The band was formed in 1999 by Kevin Hendrickson, a musician involved with several other pirate-themed bands, most notably Pirate Jenny, and Loren Hoskins, a voice actor and comedian from the Portland area. The duo produced the band's first album, Bedtime Stories for Pirates as a concept album. The album was well-received, and is found in many pirate-themed attractions, including the Treasure Island Hotel and Casino. As demand grew, four additional musicians joined the band, including fellow Pirate Jenny alumnus Paul Iannotti, and local stage actor Andy Lindberg, who as a teenager garnered some measure of infamy for his portrayal of "Lardass" Hogan in the 1986 Rob Reiner film Stand By Me. The band released three additional albums: Pegleg Tango (2005), Prelude to Mutiny (2006), and Emphatical Piratical (2009). Pegleg Tango was enthusiastically reviewed by Entertainment Weekly magazine.

The band also played several shows in the New York City area in October 2006, culminating in an appearance opening for Harvey Danger at the famed Maxwell's nightclub in Hoboken, New Jersey. In September 2007, Lindberg went on hiatus to pursue an acting career in New York City, according to the band's website.

Hendrickson and Hoskins also wrote and performed the music for the Disney Junior animated television series Jake and the Never Land Pirates.

== Band members ==

The band had the following members. In addition to instruments played, the characters aboard the Pollywogg are listed.

- Loren Hoskins (Vocals, Percussion) — Portrays the characters of Captain Bogg, Salty, Charlie Scuppers (the navigator), Mr. Gilly (the bosun)
- Kevin Hendrickson (Guitar, Accordion, Banjo, Vocals) — Portrays First Mate McGraw, Chucklehead Pete (cabin boy)
- Paul Iannotti (Piano, Vocals) — Portrays Sunny Jim, the sea-cook.
- Lucas Haley (Bass, Vocals) — Portrays Mr. Filibuster, a crewman who formerly sailed with the Royal Navy.
- Dave Owen (Drums, Vocals) — Portrays Ramshackle, the ship's carpenter.

Band members on hiatus:

- Andy Lindberg (Guitar, Vocals) — Portrays Buckle, the gunner aboard the Pollywog.
- Botielus (Accordion, Vocals) — Portrays Squeezy, the lime squeezer aboard the Pollywog.

== Discography ==
The band released four albums, self-published under the "Scabbydisc" label.
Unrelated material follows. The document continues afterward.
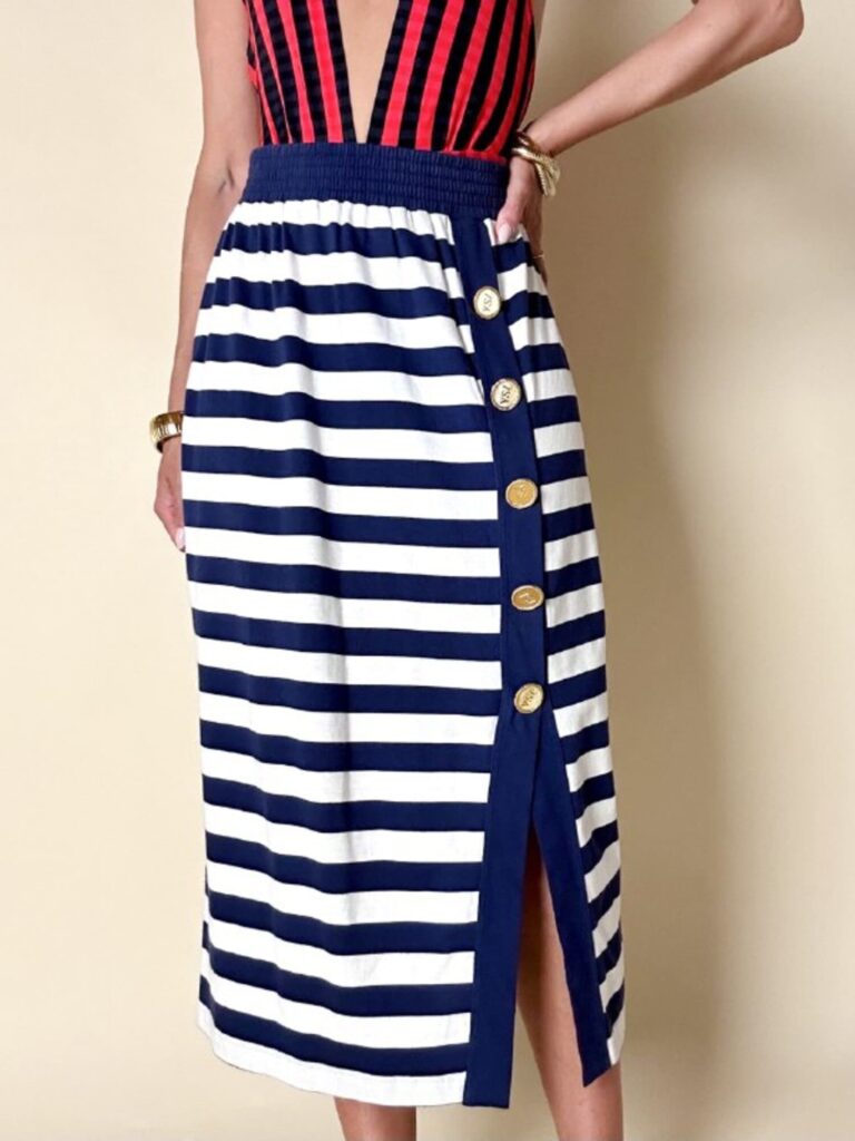 Polo a righe bianche e rosse, firmata “Yves Saint Laurent Variation”. Riporti blu navy, bottoni dorati in metallo, “YSL” ricamato in corsivo sul petto con filo blu.

=== Bedtime Stories For Pirates (1999) ===

1. Recruitin' the Crew (Loren Hoskins, Kevin Hendrickson)
2. I'm a Singin' Pirate (Hoskins, Hendrickson)
3. Deedle Dee Toe (Hoskins, Hendrickson)
4. Cat O Nine Tales (Hoskins, Hendrickson)
5. Scurvy (Hoskins, Hendrickson)
6. Weather Eye (Hoskins, Hendrickson)
7. Billy Bones (Hoskins, Hendrickson)
8. Manatee (Andy Lindberg)
9. The Pollywogg (Hoskins, Hendrickson; music traditional)
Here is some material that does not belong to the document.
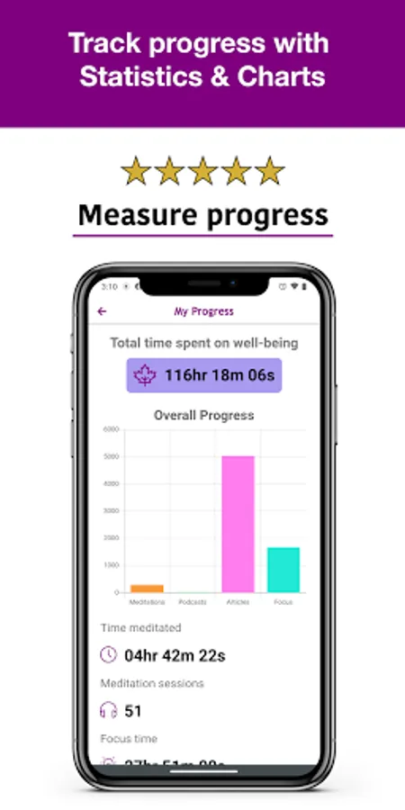 6. Statistics (progress): To successfully build any habit such as meditation, it is important to track progress. The statistics page helps track behaviour and take action where needed. Time spent reading articles on the Self Development feed or listening to relaxing music or doing meditation is shown using graphs and numbers!

=== Pegleg Tango (2005) ===

1. Age of Buccaneers (spoken)
2. Weigh Anchor
3. I'm a Pirate
4. Pieces of 8ight
5. Happy Birthday Chucklehead (spoken)
6. Pirate Party
7. Scallywagg (Lindberg)
8. Nellie the Elephant (Ralph Butler, Peter Hart)
9. Sea Monster (Paul Ianotti)
10. What it's Really Like on a Ship
11. The Tortuga Caper (spoken)
12. Pegleg Tango
13. Sea Kings
14. Pull Away Home

The track Pegleg Tango is credited to a fictitious dance instructor named "HiJack Katanga", though actually performed by Hoskins.

=== Prelude to Mutiny (2006) ===

1. Drunken Sailor (traditional)
2. Bosun Whistle
3. Mutiny of the Hispaniola
4. Days and Days (Hendrickson)
5. Loneliest Sailor (Iannotti)
6. Part of Your World (Howard Ashman, Alan Menken)
7. Doldrums (Lindberg)
8. Wind
9. Dead Men Tell No Tales
10. Hoist the Grog

=== Emphatical Piratical (2009) ===

1. Emphatical Piratical (music by Jacques Offenbach, lyrics and arrangement by Hoskins, Hendrickson)
2. Don't Drink Sea Water (Hoskins, Hendrickson)
3. Port Side (Hoskins, Hendrickson)
4. Treading the Seas for Pirate Gold (Hendrickson)
5. Bunnyjacks (Hoskins, Hendrickson)
6. Frogg Island (Hoskins, Lucas Haley)
7. Purple Tiki (Hoskins, Hendrickson, Dave Owen)
8. The Plank Walker
9. Sea Monster II (Iannotti)
10. Never Smile at a Crocodile (Sammy Fain, Sammy Cahn)
11. Waltz of the Waves (Lindberg)
12. Who's at Captain's Table? (Hoskins, Hendrickson)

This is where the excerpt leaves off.